REQUIREMENT:
Retype, exactly as written, every line from the one containing "bevictor伟德官网员工党支部2023年暑假第三周学习强国学习进度" through the last line of the records below, both included; skip the pictures.

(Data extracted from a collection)
========

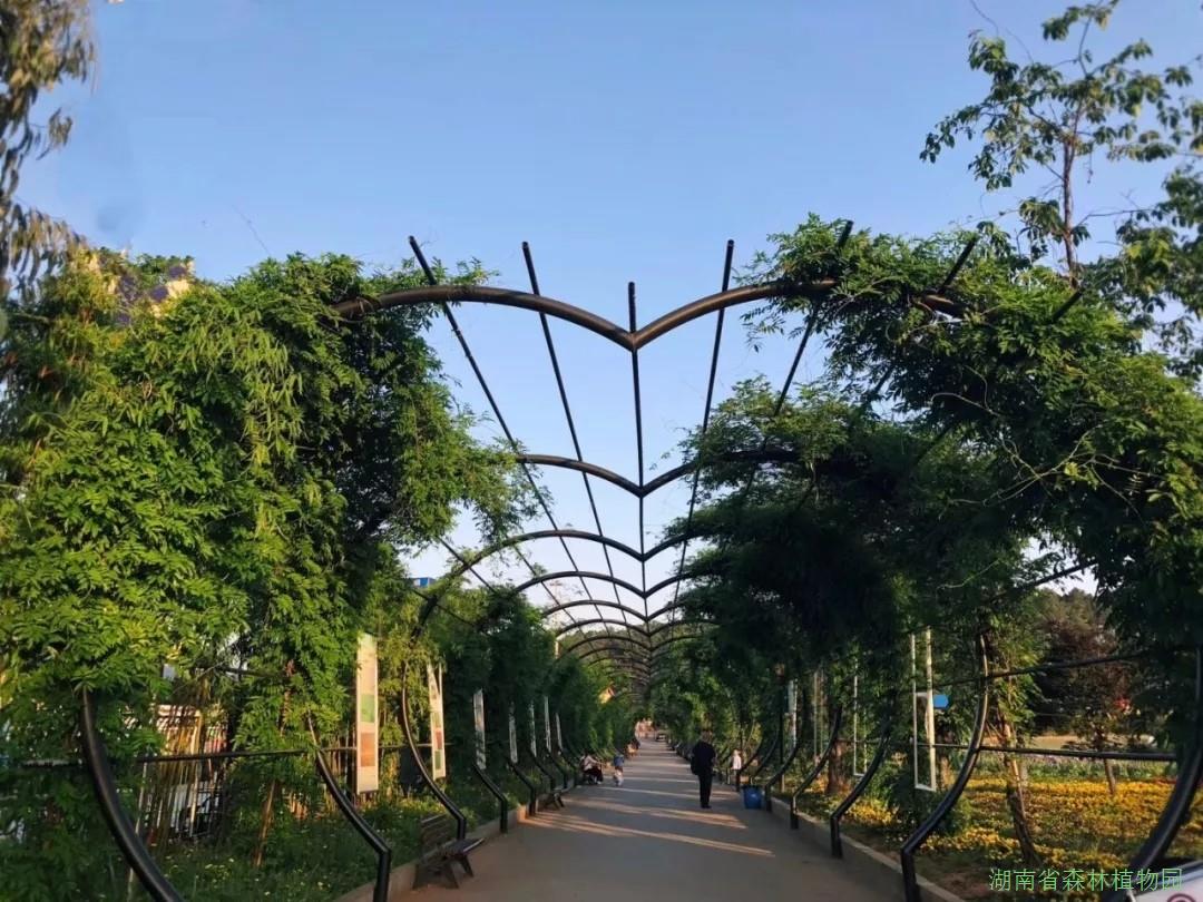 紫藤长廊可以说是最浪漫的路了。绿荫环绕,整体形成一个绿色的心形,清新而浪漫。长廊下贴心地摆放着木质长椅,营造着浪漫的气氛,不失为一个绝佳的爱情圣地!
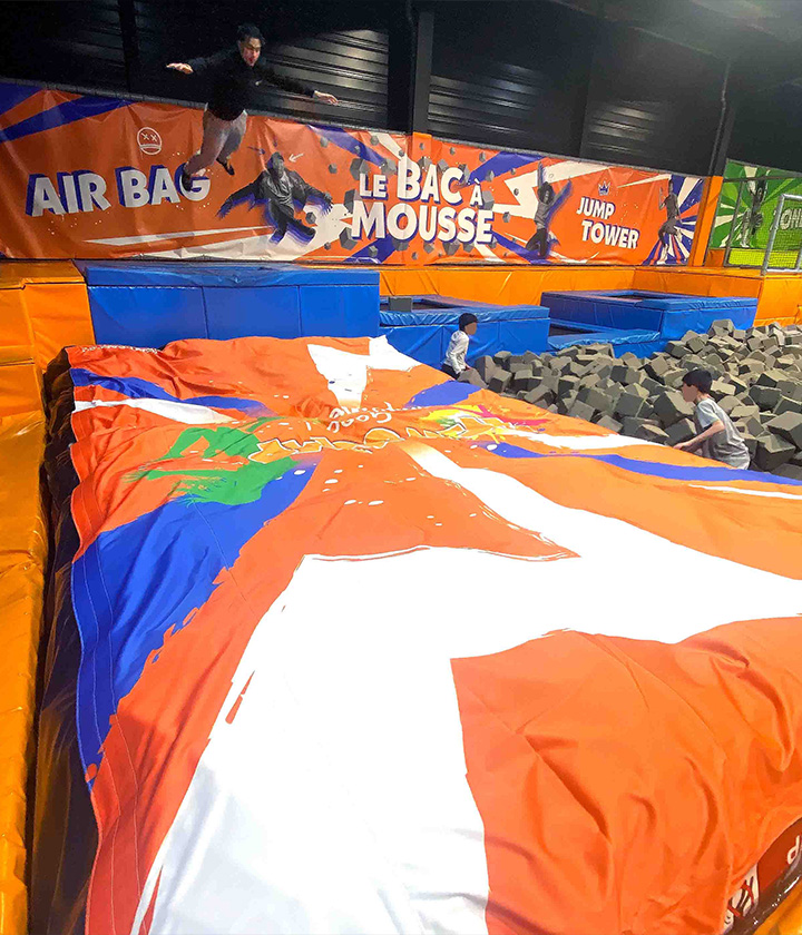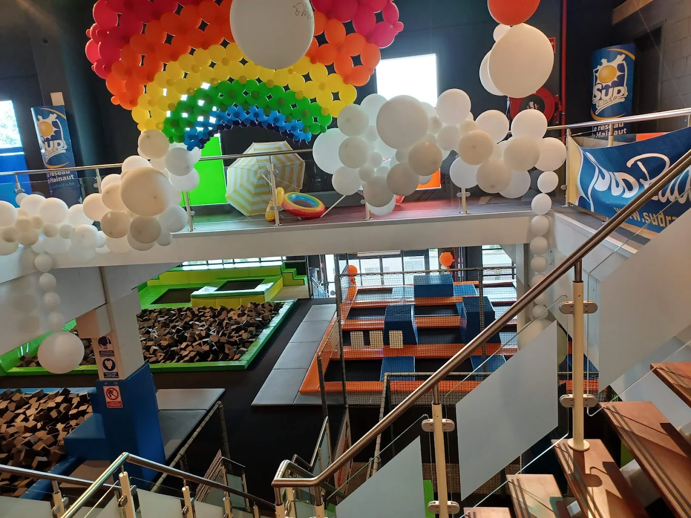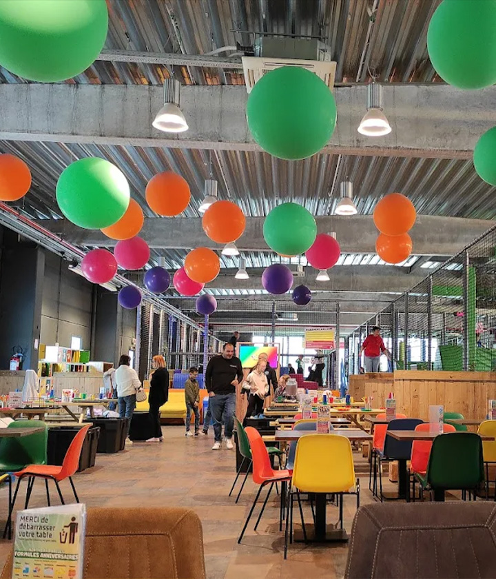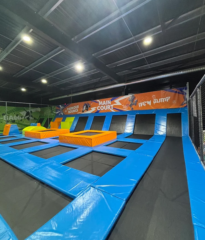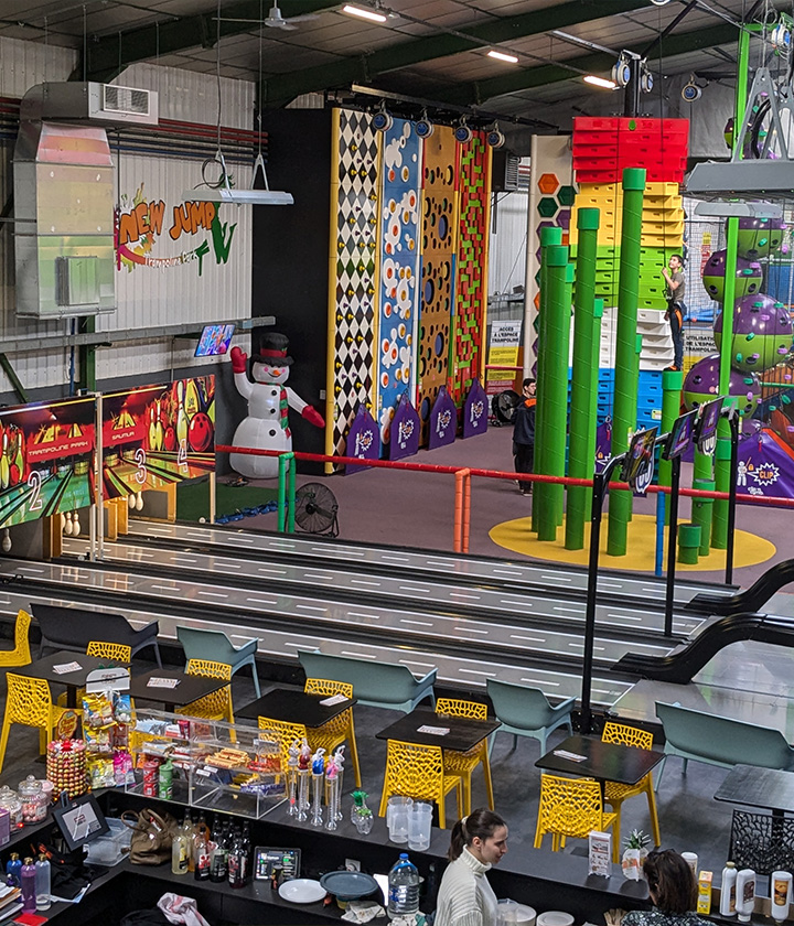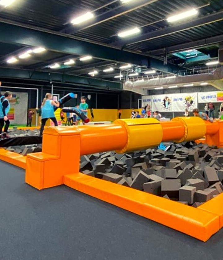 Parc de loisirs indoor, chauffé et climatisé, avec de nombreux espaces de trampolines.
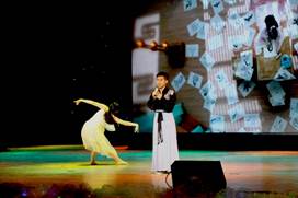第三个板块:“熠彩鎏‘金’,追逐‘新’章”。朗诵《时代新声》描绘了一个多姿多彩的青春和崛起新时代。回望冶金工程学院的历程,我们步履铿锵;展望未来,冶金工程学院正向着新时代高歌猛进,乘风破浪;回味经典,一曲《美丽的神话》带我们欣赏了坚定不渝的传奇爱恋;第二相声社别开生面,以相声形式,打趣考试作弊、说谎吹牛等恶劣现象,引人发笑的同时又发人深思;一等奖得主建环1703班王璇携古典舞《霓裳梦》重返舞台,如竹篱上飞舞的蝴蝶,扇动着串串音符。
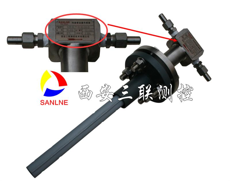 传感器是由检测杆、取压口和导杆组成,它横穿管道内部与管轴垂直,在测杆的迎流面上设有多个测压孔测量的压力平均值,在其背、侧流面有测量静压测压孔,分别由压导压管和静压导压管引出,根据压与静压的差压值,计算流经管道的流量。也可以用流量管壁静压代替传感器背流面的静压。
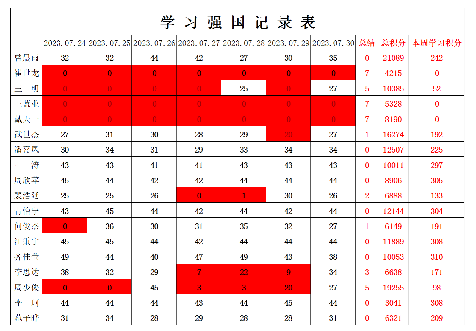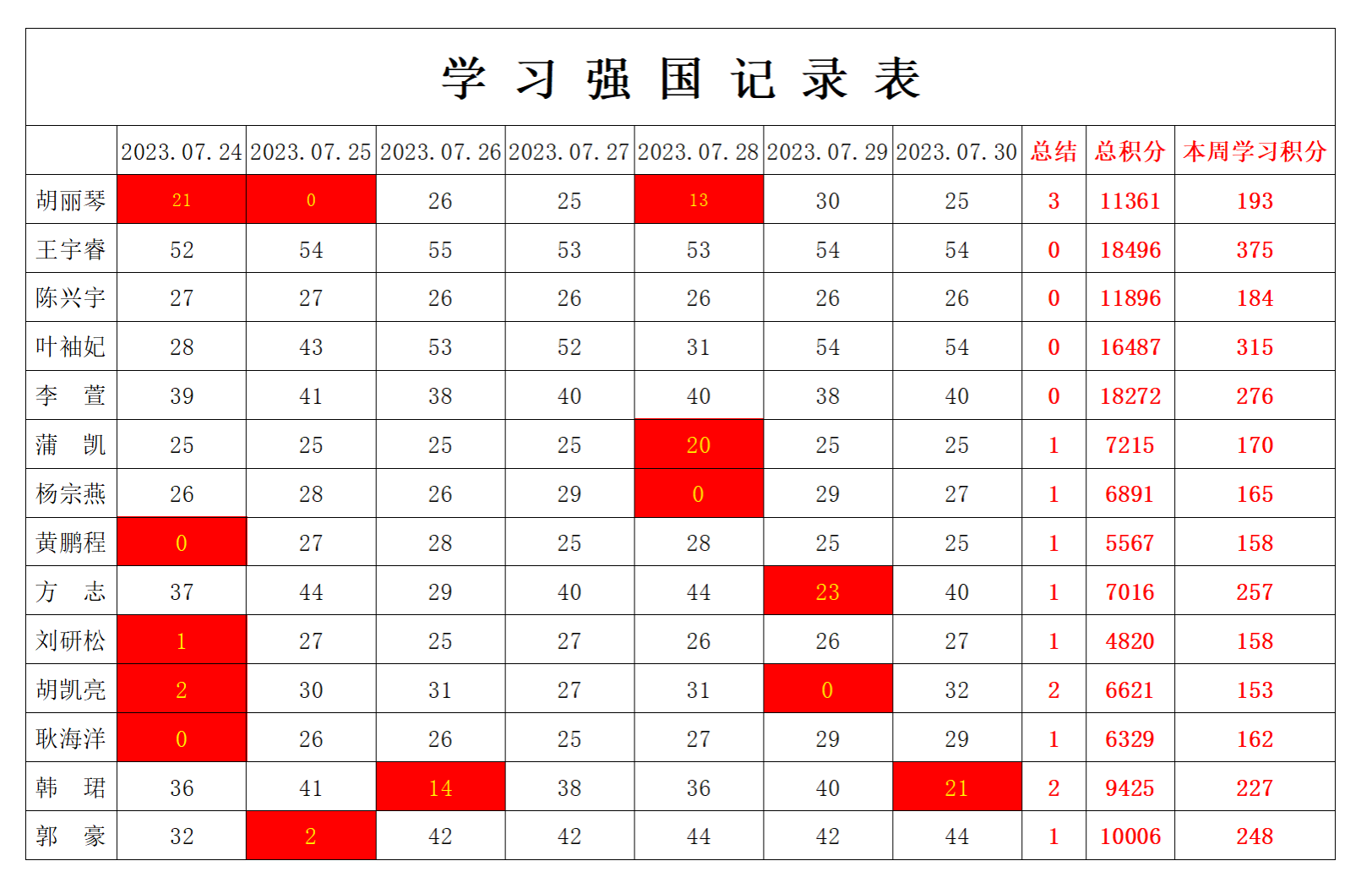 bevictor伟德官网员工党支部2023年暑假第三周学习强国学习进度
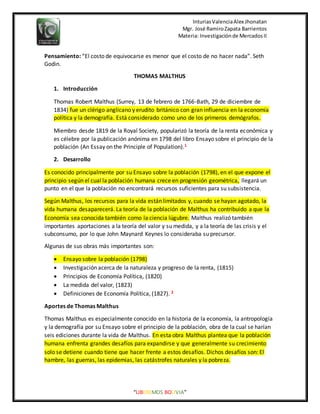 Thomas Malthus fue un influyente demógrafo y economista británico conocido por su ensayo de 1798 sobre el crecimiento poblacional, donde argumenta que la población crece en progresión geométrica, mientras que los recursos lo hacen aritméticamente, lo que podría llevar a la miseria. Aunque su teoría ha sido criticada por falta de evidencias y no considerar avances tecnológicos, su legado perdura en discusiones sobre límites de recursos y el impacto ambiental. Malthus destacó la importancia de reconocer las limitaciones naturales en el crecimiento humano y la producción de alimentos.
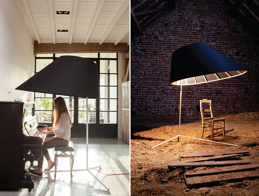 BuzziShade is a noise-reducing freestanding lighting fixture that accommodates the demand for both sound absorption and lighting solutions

========

TASK RESULT:
 bevictor伟德官网员工党支部2023年暑假第三周学习强国学习进度
 Thomas Malthus fue un influyente demógrafo y economista británico conocido por su ensayo de 1798 sobre el crecimiento poblacional, donde argumenta que la población crece en progresión geométrica, mientras que los recursos lo hacen aritméticamente, lo que podría llevar a la miseria. Aunque su teoría ha sido criticada por falta de evidencias y no considerar avances tecnológicos, su legado perdura en discusiones sobre límites de recursos y el impacto ambiental. Malthus destacó la importancia de reconocer las limitaciones naturales en el crecimiento humano y la producción de alimentos.
 BuzziShade is a noise-reducing freestanding lighting fixture that accommodates the demand for both sound absorption and lighting solutions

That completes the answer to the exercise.